PRIVACY POLICY

INTRODUCTION TO THESE TERMS AND CONDITIONS 

This privacy notice (“Policy”) applies to your use of all the mobile applications, products, software, services, websites, publications, email subscription and the content thereof, other services, and your relationship with us (collectively, the “Service”) operated by Gotrade Securities Inc. (“we”, “us” or “our”). When we refer to the Service, we also mean any portion, aspect or feature of our services or the Service. The words “you”, “your” and “yours” refer to you  as the user of the Service. 

We are subject to the data protection requirements in various jurisdictions the Gotrade group  of companies are incorporated in, including the Malaysian Personal Data Protection Act 2010  and the Personal Data Protection Act 2012 of Singapore (“Applicable Laws”). We take your  privacy very seriously. This Policy is intended to inform you on what information we collect, how  we use, process, and disclose it, and what rights you have in relation to it. 

We hope you take some time to read through it carefully, as it is important. If there are any terms in this Policy that you do not agree with, please discontinue use of our Service, and we have the right not to provide you with access to our Service. 

You have the right to choose whether you will provide your information or personal data to us.  If you choose not to provide such information or limit our use of your information, you agree  that we will be unable to process your information and this may adversely affect your application  and / or our ability to establish or continue our Service provided to you. When you do so, you  acknowledge that we will not be liable for any losses which you suffer as a result of your own  choice. 

By accepting and consenting this privacy policy, you agree that we may collect, use and share  your Information in accordance with this Privacy Policy, as revised from time to time.
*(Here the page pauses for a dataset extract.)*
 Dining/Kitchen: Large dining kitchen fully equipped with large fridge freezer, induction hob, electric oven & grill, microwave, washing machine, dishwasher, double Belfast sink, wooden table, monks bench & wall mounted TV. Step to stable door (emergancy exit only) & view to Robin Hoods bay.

You  consent to having your personal data transferred to and processed in the Federal Territory of  Labuan and in Singapore.  
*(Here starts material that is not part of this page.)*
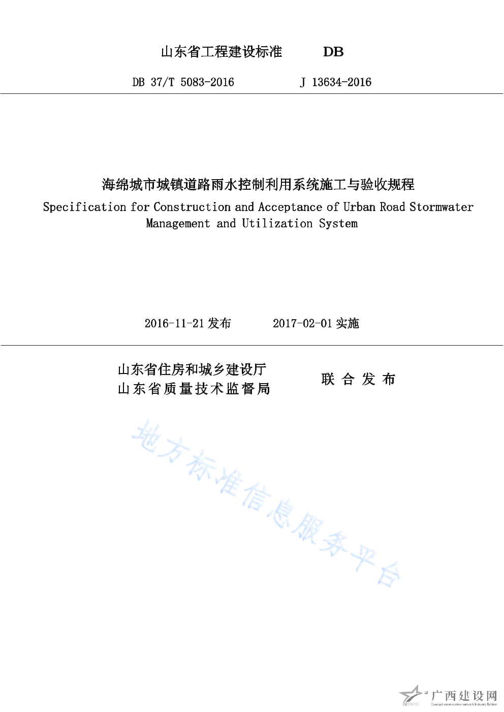 DB37 T5083-2016海綿城市城鎮(zhèn)道路雨水控制利用系統(tǒng)施工與驗(yàn)收規(guī)程

This Notice is provided in both the English and Malay language, in the event of any inconsistency, the English version will prevail. 

TABLE OF CONTENTS  

1. WHAT INFORMATION DO WE COLLECT?  

2. HOW DO WE USE YOUR INFORMATION?  

3. WILL YOUR INFORMATION BE SHARED WITH ANYONE?  

4. WHO WILL YOUR INFORMATION BE SHARED WITH?

5. HOW LONG DO WE KEEP YOUR INFORMATION?  

6. HOW DO WE KEEP YOUR INFORMATION SAFE?

7. WHAT ARE YOUR PRIVACY RIGHTS?  

8. DO WE MAKE UPDATES TO THIS POLICY?  

9. HOW CAN YOU CONTACT US ABOUT THIS POLICY?  

1. WHAT INFORMATION DO WE COLLECT?  

PERSONAL INFORMATION YOU DISCLOSE TO US  

In Short: We collect personal information that you provide to us such as name, address, contact  information, telephone number, occupation, assets and income and security data.  

We collect personal information that you voluntarily provide to us when registering for our  Service, expressing an interest in obtaining information about us or our products and services.  

Customer Due Diligence (“CDD”). We collect the following information for customer due  diligence and record-keeping purposes:  

(a) full name;  

(b) email address;  

(c) nationality;  

(d) phone number;  

(e) date of birth;  

(f) employment status;  

(g) source of wealth;  

(h) name of employer;  

(i) employer’s address;  

(j) occupation;  

(k) National Registration Identity Card (NRIC) number or passport number or reference  number of any other official documents bearing your photograph;  

(l) Photograph of document referenced in (k);  

(m) Selfie;  

(n) address;  

(o) tax identification number;  

(p) trusted contact and their first name, last name and email address; and (q) any supporting document relating to the above information (like proof of  address).

The above information collected for customer due diligence and record-keeping purposes may  also be used for other purposes as stated in this Privacy Policy.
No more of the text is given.